E i vegetariani? La filiera corta canara è alimentata da una agricoltura sviluppatasi per secoli sulle terre rosse dell’interno dell’isola: oltre alla miracolosa Aloe Vera, che alimenta la fiorente linea naturale di cosmesi e prodotti farmaceutici, offre splendidi pomodori, zucche e  zucchine, cavoli, lenticchie e ceci, una lattuga croccante e come frutta banane, datteri, manghi e mandarini. Ho dimenticato il più tipico dei prodotti: l’aglio, che è alla base di ogni ricetta canara. Mi sono sempre chiesto perché gli spagnoli mangino tanto aglio, così come noi mediterranei mangiamo tanta cipolla. Ho scoperto il perché leggendo Cuochi si diventa il libro di ricette di Alan Bay che spiega che su 4.758 ricette di 36 paesi del mondo la cipolla compare nel 65%, seguita dal pepe 63% e col 35% dall’aglio. Questa presenza massiccia non si spiega solo per il sapore che conferiscono al cibo, ma anche per ragioni di sanificazione delle preparazioni. Infatti uno studio del 1998 sugli effetti antisettici e antibiotici dei trenta principali aromi, comparati ai trenta principali batteri che possono contaminare le preparazioni in tutto il mondo, ha scoperto che aglio e cipolla uccidono il 100% delle specie di batteri esaminati.

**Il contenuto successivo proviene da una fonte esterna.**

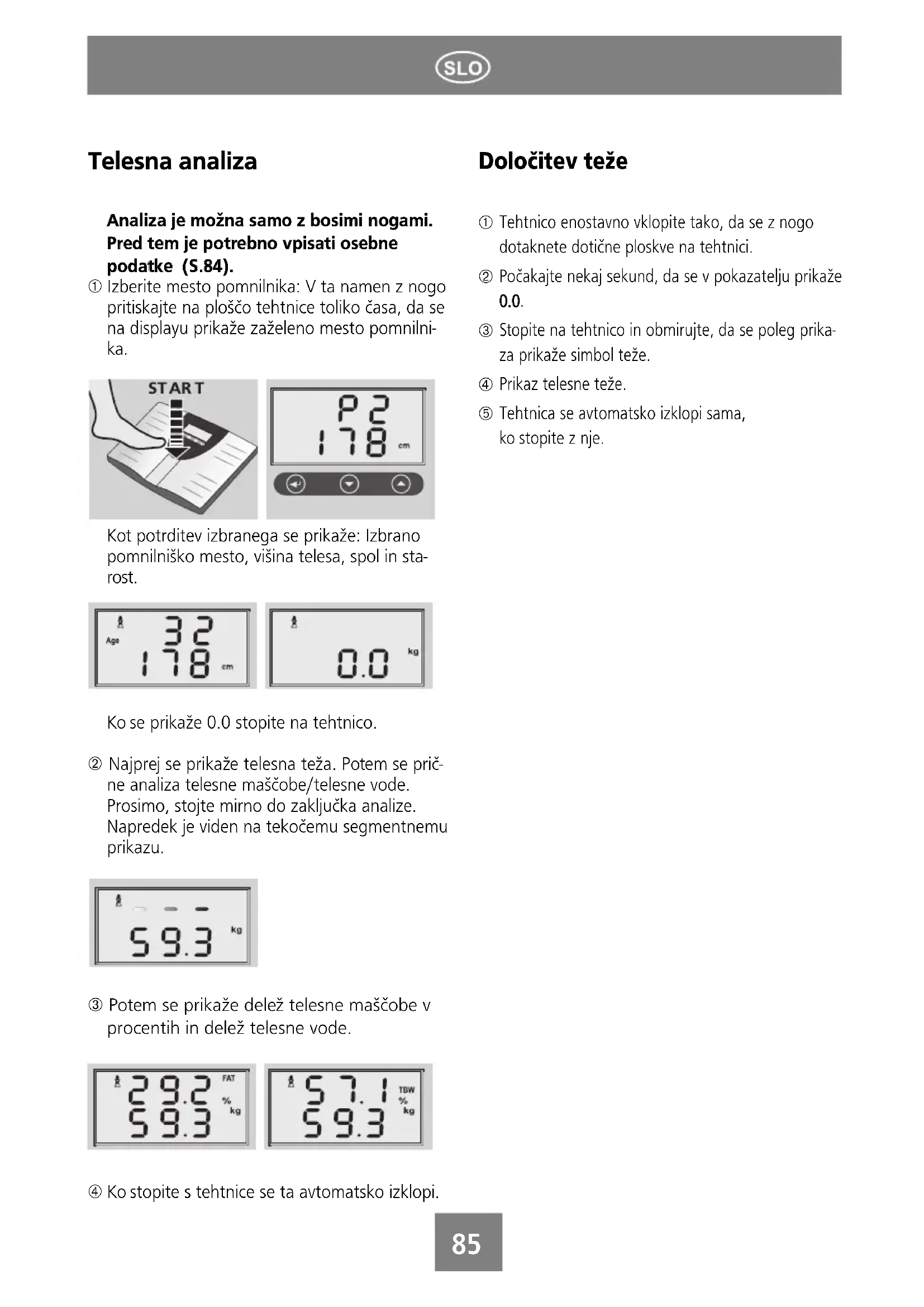② Najprej se prikaze telesna teza. Potem se pri- ne analiza telesne mascobe/telesne vode. Prosimo, stojte mirno do zakljucka analyze. Napredek je viden na tekocemu segmentnemu prikazu.

Il viaggio nel gusto lo faccio insieme a Marina e non può che cominciare nell’estremo sud dell’isola, alla Punta di Jandia. Veniamo accolti nel piccolissimo Pueblo dall’immancabile faro, da una grande pala eolica e da una ventina di casette fra cui vi sono due ristoranti nei quali si mangia il miglior “caldo de pescado” dell’isola. Vieni subito messo a tuo agio sulla qualità di ciò che mangerai dalla visione dei piccoli gozzi allineati sulla spiaggia, confermata dai piatti fumanti che  profumano di mare, che un improvvisato cameriere ci depone sul tavolo. Superato Morro Jable, che pullula di cemento e di ristoranti, quelli però della globalizzazione da lasciare ai turisti col bracciale del tutto compreso, si arriva al Marabù. Qui, un po’ di “globalizzazione respingente” la percepisci: dalla raffinatezza con cui sono apparecchiati i tavoli, dal modo cerimonioso e fin troppo servizievole con cui il personale ti accoglie e dal fatto che il cuoco è tedesco. Ben presto ne accetti la presenza, corrotto dalle delizie che vedi sui tavoli e dai profumi che sprigionano.
 
Si mangia solo pesce di giornata, che gli viene fornito da Juan, il pescadero del mercato coperto. Si apre con le le fantastiche salsine di mojo che vengono portate insieme al pane caldo, a cui, consiglio far seguire un antipasto a base di tentacoli di calamari fritti o rostbeaf di tonno e, come piatto forte, uno a scelta fra filetto di tonno, fetta di merluzzo con gamberi, barracuda, bocinegro o Sama in crosta di patate. I vini abbordabili non sono molti, ma con una decina di euro si può innaffiare il tutto con un malvasia robusto e fruttato dell’isola di Lanzarote, dove viveva Saramago. La versione popolare del Marabù è Ramon a Lajita. Dista solo una ventina di chilometri: tolto l’arredamento, le raffinatezze del servizio, il cuoco tedesco, gusti davanti al mare pesce freschissimo ad un terzo di quanto ti costa al Marabù.
 
Il viaggio prosegue e si ferma a Pozo Negro per gustare su una spiaggia di ciotoli lavorati dal mare la miglior paella dell’isola. Restano solo per completare il viaggio due fermate obbligatorie, entrambe italiane: Mamma Mia a Porto del Rosario e da Mario alla Scarpetta a Coralejo, che contende al Marabù la palma di miglior ristorante di Fuerteventura. Mi fermo a questa parziale fotografia. Ho trascurato tutta la parte interna, dove a farla da padrona è la capra, ma il racconto mi ha messo appetito e la testa è già al prossimo: uno sguardo sulla politica e le prossime elezioni per il rinnovo del consiglio comunale di Pajara, il mio primo voto spagnolo.